A dark storm, lit by a mass of tiny red fires, rushed toward the Sharrian warships, which came boat after boat into the banks of howling shadow. Ianthe’s sorcerous wind fell away, and the black fleet crept slowly now toward the dark fog that consumed its enemies.
As the Talon moved closer at the head of a triangular formation, the shrieks of dying men reached Gammir’s ears. Famished Vakai swarmed the decks and rigging of his enemies, rending flesh and spilling blood. He licked his lips. Perhaps he should summon the phantom horse and join the blood-drinkers on those slippery decks.
“Be patient, Grandson,” said Ianthe, stroking his chin. “In the city beyond these meager ships runs a deep red river. We will sip from it soon.”
The black ships slid across the waves toward the wall of darkness. No golden galleons emerged from that writhing storm of shadows. Only the cries of dying men and the smell of steaming blood. The moon rose, a horned sickle between guttering stars.
At last the legions of Vakai rose back into the sky, leaving a hundred red-stained ships floating aimlessly with tattered sails. Their decks were littered with drained white bodies, trails of crimson spilling over the rails… a forest of unmanned ships waiting to be fired and scuttled.
A great war-shout went up among the Khyreins, and they sailed among the dead ships, torching and ramming them to make a path for the Talon. Gammir and Ianthe sailed through a corridor of burning ships, and the walls of Shar Dni loomed near. T
he black cloud of death hovered and writhed above the Talon. Clusters of flame-red eyes stared at the ripe city, thirsty for more slaughter.
Along the city wall the flames of sentinels burned bright, and legions of foot soldiers gathered to repel a siege. Gammir pictured in his mind the legions of cavalry inside the wall, forming up to ride forth and meet the invading Khyreins at the docks.
Doomed fools…
It mattered not whether they hunkered within those high walls or rode out to meet death like heroes. They were all going to die.
As the Talon left behind the forest of burning galleons, it entered the wide Sharrian bay. Trading ships and fishing vessels sat abandoned at the docks. It seemed every Sharrian citizen had fled to the Southern Gate.
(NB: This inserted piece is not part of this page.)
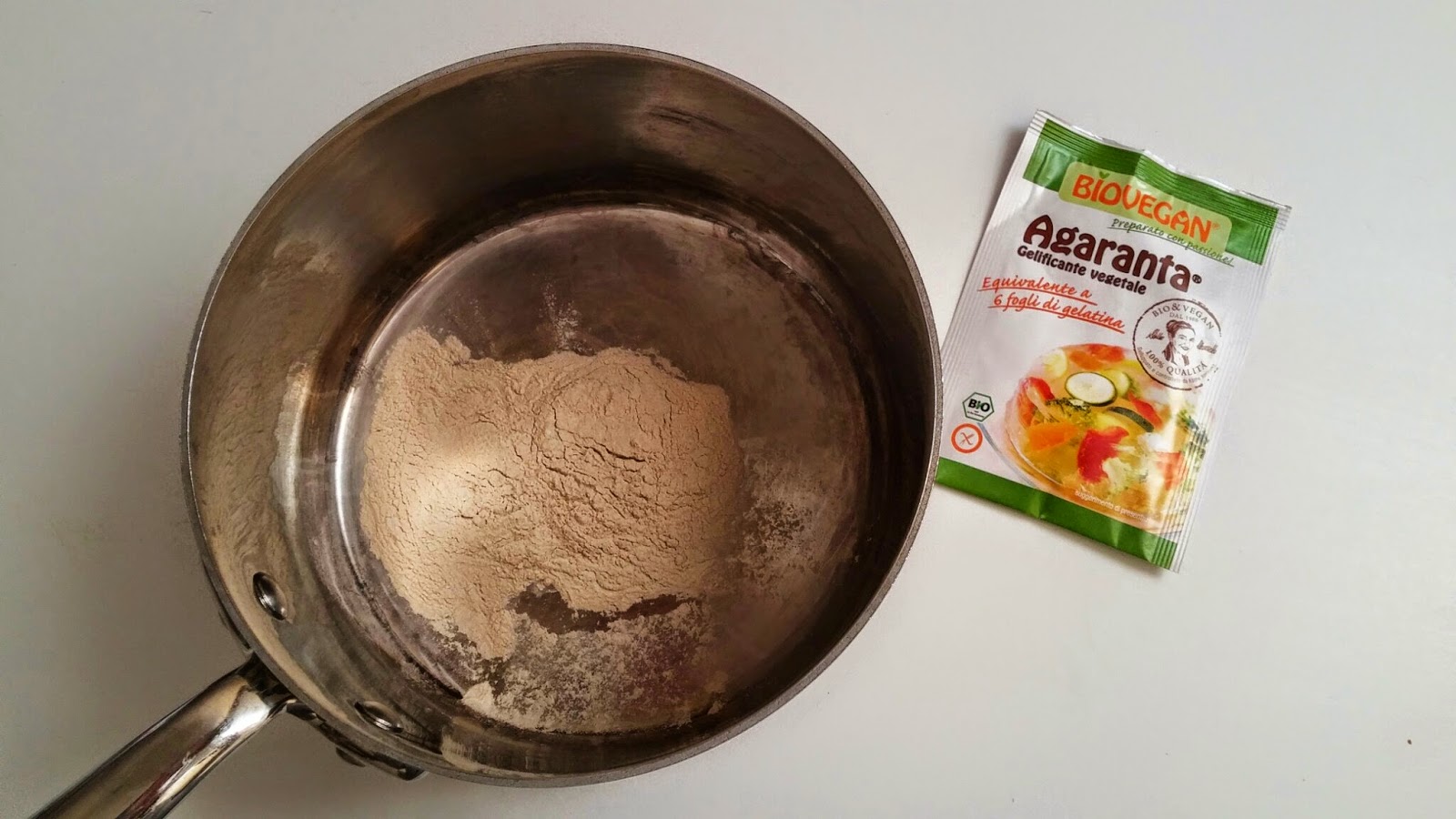 L'Agar agar c'est quoi? En bref il s'agit d'une poudre qui est contenue dans certaines espèces d'algues rouges. C'est un produit gélifiant végétal utilisé traditionnellement dans certaines pâtisseries japonaises. Il convient parfaitement pour remplacer la gelatine animale. Sans odeur et sans saveur, la gelée ne se forme qu'à condition d'être chauffée, c'est pourquoi on va bouillir la crème du cheesecake. On la trouve dans les magasins bio et se présente sous forme de petits sachets.

Now that gate opened and ranks of cavalry charged out to defend the docks. They poured forth like bronze ants, thousands of spears glittering in the glow of stars and their own blazing ships.
Gammir watched them gallop toward the wharves and form their lines of battle. They were children playing some absurd game. He laughed at them from his perch behind the devil-head on the Talon’s prow. His laughter spilled across the dark water like blood from rent flesh.
Ianthe raised her lithe arms toward the black cloud again, and the legions of Vakai fell like a black rain upon the legions of Shar Dni. Khyreins cheered, waving their swords and axes as their enemies were smothered by a pall of mutilating terrors. By the time the Vakai rose to hover above the heaps of slain men and horses, the Talon and its vanguard had seized the docks. Armored Khyreins bounded from the rails and raced among the scattered dead, falling into formation before the Southern Gate, now closed again and no doubt well barricaded.
Gammir took Ianthe’s hand and escorted her along the quay. They stepped between the shredded corpses of two thousand soldiers and the remains of their hapless mounts. The smell of blood filled his nostrils, filled the night itself, drowning even the stench of the burning galleons.